若き大学教授、ジョナの指を生まれたばかりの赤ん坊がしっかり握りしめています。ベッドに座って二人を見つめている妻。幸せそうな家族の光景です。

ジョナの父親、ジーンは亡き妻、イザベルの回顧展に関して画廊関係者と打ち合わせをしていました。イザベルは著名な戦争写真家で、引退後に交通事故で亡くなったのです。画廊側は未発表の作品を提供してほしいとジーンに依頼します。

イザベルの仕事上のパートナーだったリチャードは、回顧展に合わせてニューヨーク・タイムズに記事を書く予定です。彼はイザベルの死について触れないわけにはいかないとジーンに告げます。表向きは事故とされていますが、実は自殺だったのです。

ジーンとジョナは事実を知っていましたが、幼かった弟のコンラッドには伝えていませんでした。記事が出る前に打ち明けなくては、とジーンはコンラッドに声をかけますが、日頃から父親と話そうとしない彼は、まったく耳を貸しません。

コンラッドは今では高校生になっていますが、いつもひとりぼっちで過ごしています。母の不在が彼をそうさせているのでしょうか。父は心配でなりません。

母の秘密

作品整理のために、ジーンはジョナを家に呼び寄せます。彼は、精力的に仕事をはじめます。ジョナは弟とも折り合いがよく、家の雰囲気が少し明るくなりました。

しかし、整理中に、ジョナは母の秘密を知ってしまいます。そして思い悩みます。予定していた日程が過ぎても帰る気になれません。

コンラッドは書き綴っていた日々の想いや、散文を兄に見てもらいます。

彼には好きな女の子がいました。兄と一緒に、学校のグランドにやってきた彼は、その女の子が腕を包帯でつっているのを見ます。もうすぐ大会が近いというのに、と彼は思わず呟きます。彼女はチアリーディング部に所属しているのです。

彼女に自分が書いている文章を見せるつもりだとコンラッドは言います。ジョナは、「お前の書くものは素晴らしいが、彼女はそれを見てもお前の評価を変えないよ」と言い、高校時代というものの不条理性を説いて諦めるよう忠告します。

ジーンがコンラッドに母親の死の真実を話そうとしているのを知ってジョナは反対します。そんな記事を書かせてはいけない、彼にはとても耐えられないだろうと。しかし父は、彼には知る権利があるのだよと言います。

ジーンは、ジョナが何やら悩んでいることに気がついていました。ジョナが寝ているのを確かめると、妻が残した写真の資料をリチャードのところに持ち込みます。画廊にではなく君に選んでほしいと。しかしその時、彼は気付いてしまいます。リチャードが妻と寝ていたことを。

関係していたのは仕事の時だけだ。

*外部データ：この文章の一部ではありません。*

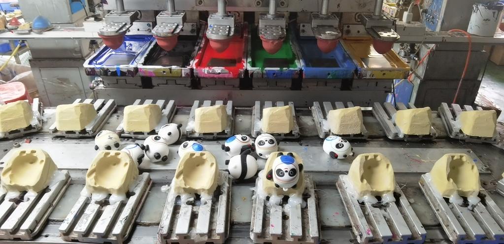 广东公安机关查获的假冒“冰墩墩”及生产模具。公安部供图
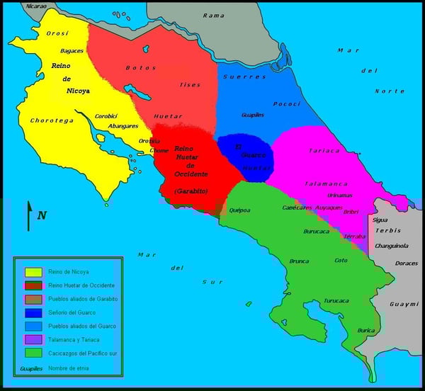 (A general map of the autonomous social groups in what would later become Costa Rica | PC: Commons)

彼女が引退してからは一度もない、とリチャードは告白します。

ジョナもそのことを知り悩んでいたのです。妻に母の死が自殺だったということをずっと言いそびれていることも気になっていました。

コンラッドは書き綴っていたものをプリントアウトして、少女の家に持っていき、ドアの前に置くとあわてて立ち去ります。

母への想い

家族それぞれが、妻、そして母であるイザベルの生前の姿を思い浮かべます。イザベルが仕事で負傷して入院していたときのこと、仕事のことで言い争いになったこと、母に抱きしめてもらった日のことなどを。

新聞に記事が出ました。かなり大きく取りあげられており、死の真相にも触れられていました。文章がやけに親しげだ、とジョナは腹を立てます。父親はなんとかコンラッドに連絡をとろうとするのですが、うまくいきません。

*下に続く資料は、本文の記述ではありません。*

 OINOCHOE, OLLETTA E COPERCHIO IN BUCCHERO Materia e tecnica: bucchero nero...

コンラッドはコンビニで新聞を手に取り、記事を読んでしまいます。

彼は家に帰らずそのままパーティーに出かけ、誰とも喋らず、一人で過ごしていました。

外に出ると、例の彼女が一人で立っているではありませんか。彼女は体調が悪そうで、彼は彼女が歩いて帰るのに付き合います。チアリーダーになって初めて落下したこと、別の人にポジションをとられたことを彼女は語り出します。

「あれ読んでくれた?」「あなただったの!? あれはネットのコピペか何か? あなたが書いたの?」。

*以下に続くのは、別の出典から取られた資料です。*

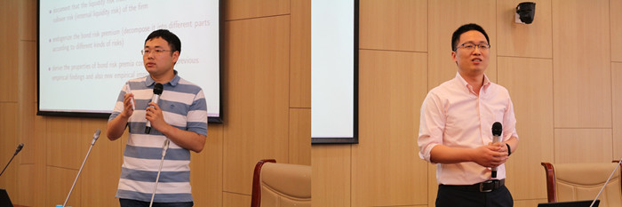 魏旭副教授的演讲主题是“债券流动性,债务到期与债券风险溢价”。论文从债券期限角度将流动性风险和展期风险联系起来,认为市场的流动性风险会影响到公司的展期风险,进而影响整个公司的债务成本。本文在长期债券的流动性风险和短期债券的展期风险基础上建立模型,得到最优债务期限结构,并得出债券流动性强弱会影响债券期限选择,继而影响到公司的展期风险,从而从外部的流动性风险和内部的展期风险渠道影响债券的风险溢价。王勇副教授对魏旭副教授的论文进行了点评。他认为债务期限结构是MM定理的一个扩展,该期限结构将风险溢价进行分解,从短期债券展期风险和长期债券流动性两者间的平衡入手,得到最优债务期限结构。同时他从引入清算价值可能会引起长期债务的挤兑行为,新老债优先级顺序以及流动性冲击等方面提出建议。

一緒に歩くうちに二人の心が通じ合い、彼女は火曜日に一緒にランチしましょうと誘ってくれました。でも彼にはわかっています。月曜日になれば彼女の気が変わることを。でもそう言ってもらえただけで彼は嬉しかったのです。

家に戻ると心配した父が待っていました。「僕は大丈夫だから」コンラッドは気丈にその言葉を繰り返します。

回顧展が始まります。

ジーンは眠っているジョナを起こし、家に帰るように促します。酒を飲んでいるから運転できないというジョナに「俺が送ってやる」というジーン。

後部座席にはコンラッドも乗っています。ジョナ家に着いた父とコンラッドは歓迎され、彼らは赤ん坊にも気に入られます。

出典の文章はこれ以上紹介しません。